Data entries ▸
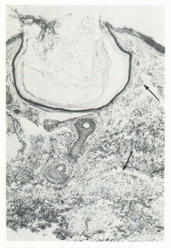
Fig. 4. Higher power view of part of Fig. 3. Masses of xanthoma cells ( arrows ) are present around and beneath the dilated follicular structure ( \times 90).

dones confined to the yellowish plaques of the left and right upper eyelids respectively. These ranged from pinpoint-sized dark papules to larger papules measuring up to 5 mm in diameter, with a central acuminate keratotic plug displaying a crateriform appearance (Fig. 2). The papules were devoid of inflammatory changes. There
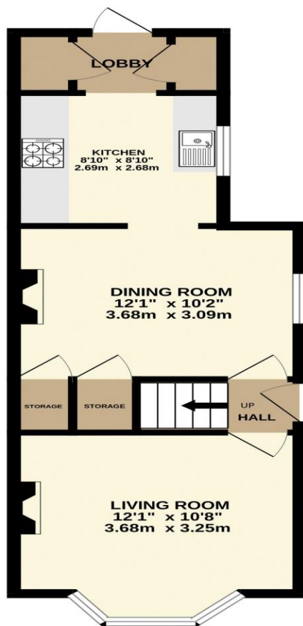
GROUND FLOOR 409 sq.ft. (38.0 sq.m.) approx.
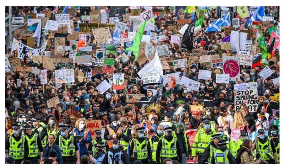
Inaction on climate change by capitalist governments at COP26 was met with determined protests by the people

Leader's speeches revealed totally inadequate commitments by the major industrialised countries to reduce greenhouse gas emissions — the total of the promises and commitments made
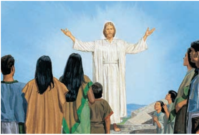
He told them he was Jesus Christ, the one the prophets had said would come. 3 Nephi 11:10
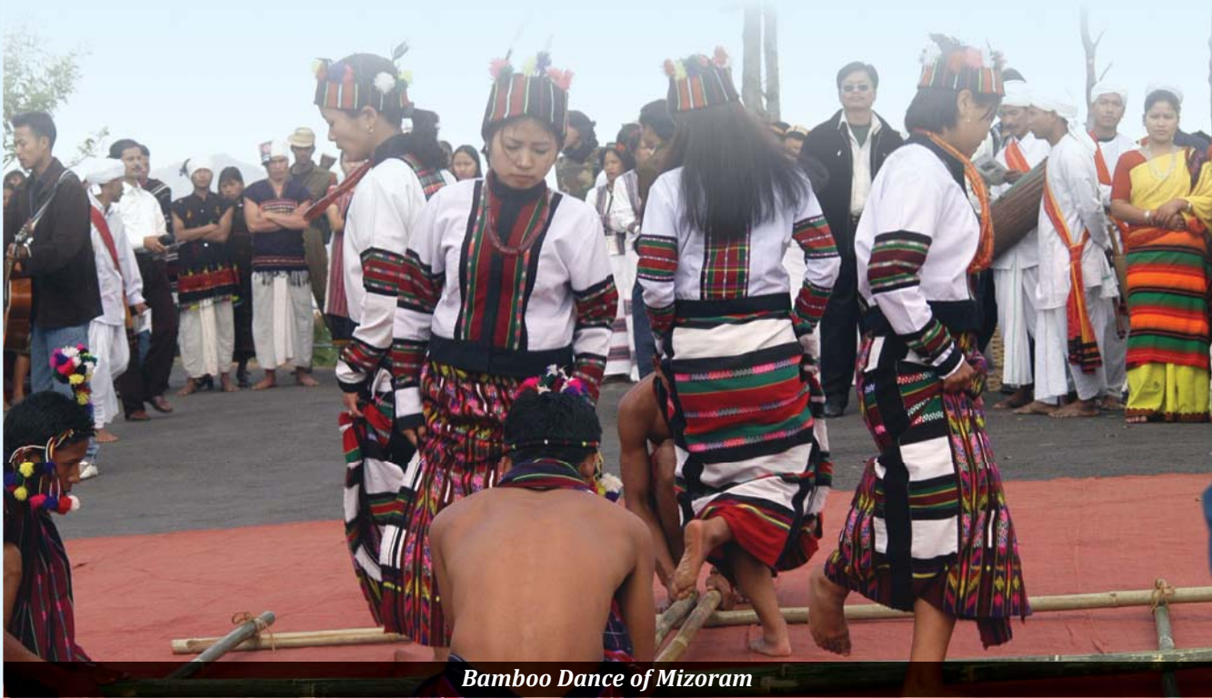
Bamboo Dance of Mizoram
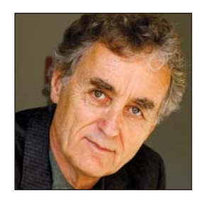
Dr Fritjof Capra

Given the obvious dangers of irretrievably releasing genocidal genes into the natural world, and the moral implications of taking such action, we call for a halt to all proposals for the use of gene drive technologies, but especially in conservation.
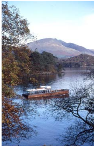
Launching stage at Hawse End

This walk starts at Hawes End which can be best reached by taking the Launch from Keswick to Hawes End landing stage or alternatively by car (limited parking) and by bus. If you arrive by launch follow the path up to the road away from the lake shore.
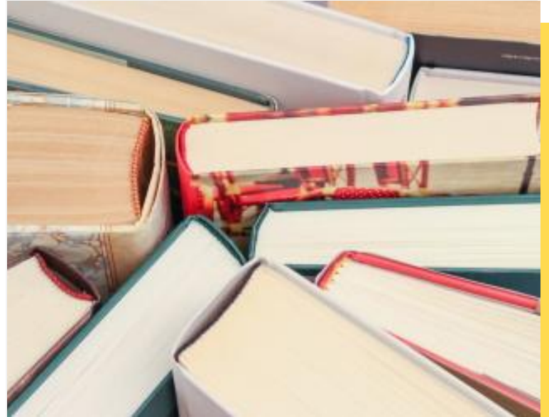
Bound books. Creator: rawpixel.com https://alacorenews.org/2022/02/03/library-binding-symposium-recording-now-available/
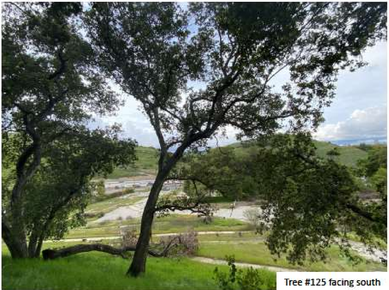
Tree #125 facing south
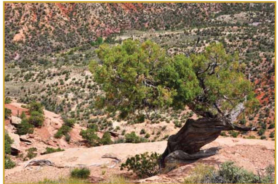
Figure 11: A juniper tree in the Colorado National Monument.

For more information or professional assistance in managing your forest, contact your local Colorado State Forest Service district office.
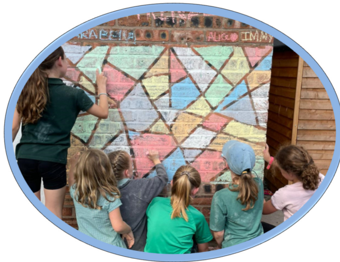
'Wall Art' using chalk'
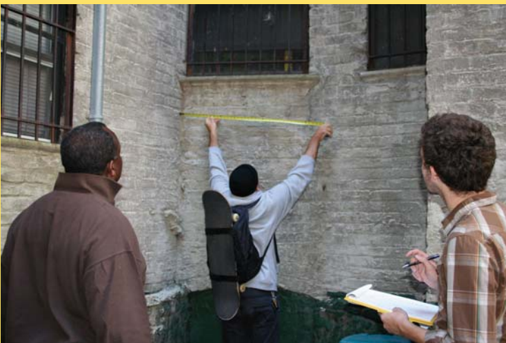
The Weatherization Team participates in the audit of 2178 Atlantic Ave. in Brooklyn. Construction will start in January.
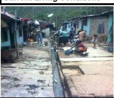
Up Country Needs in Sri Lanka
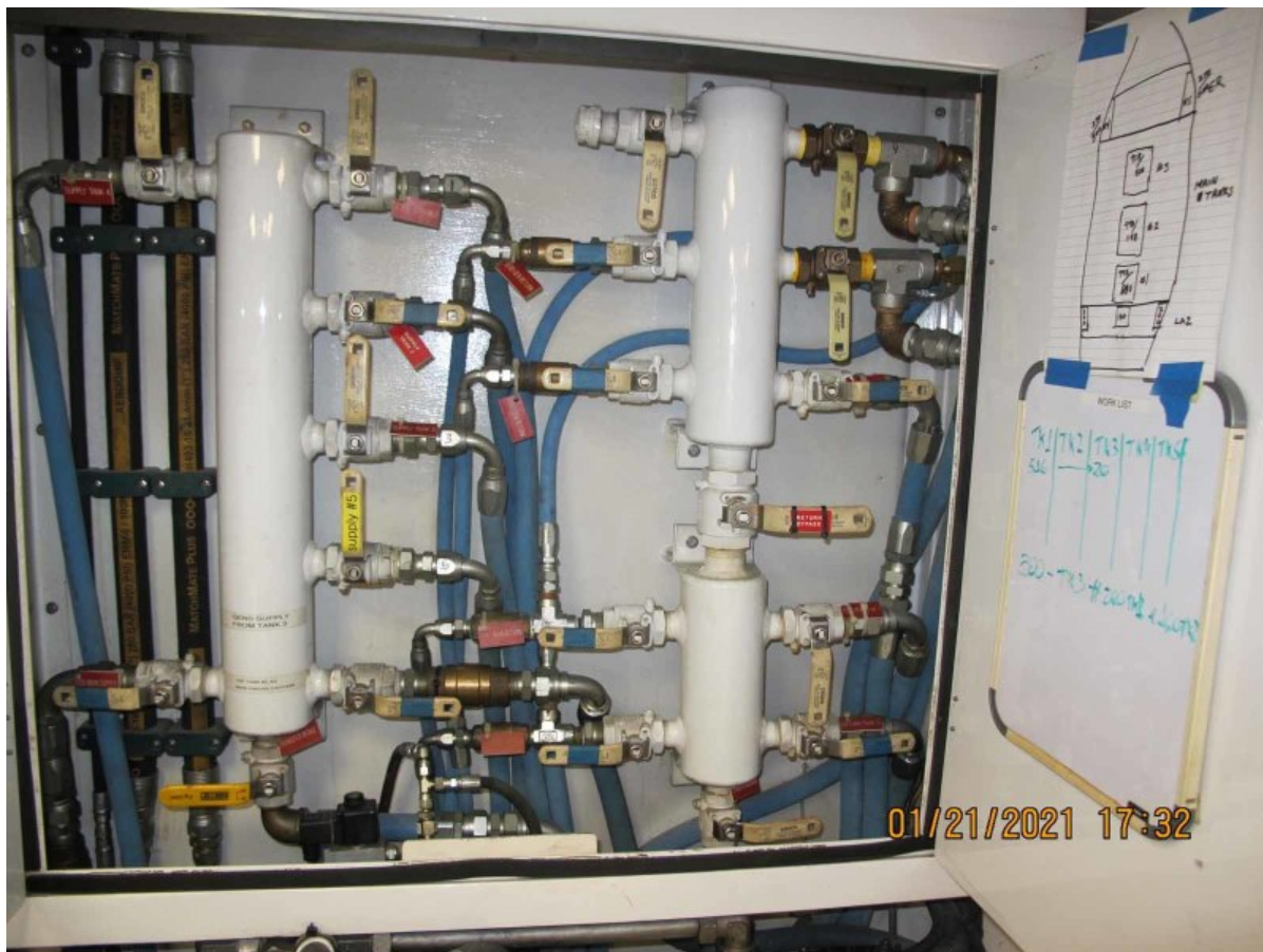
Fuel Manifold Cabinet

WHAT TO DO ▸
If a line in the records above contains "stage", copy that line.

ANSWER BOX ▸
Launching stage at Hawse End
This walk starts at Hawes End which can be best reached by taking the Launch from Keswick to Hawes End landing stage or alternatively by car (limited parking) and by bus. If you arrive by launch follow the path up to the road away from the lake shore.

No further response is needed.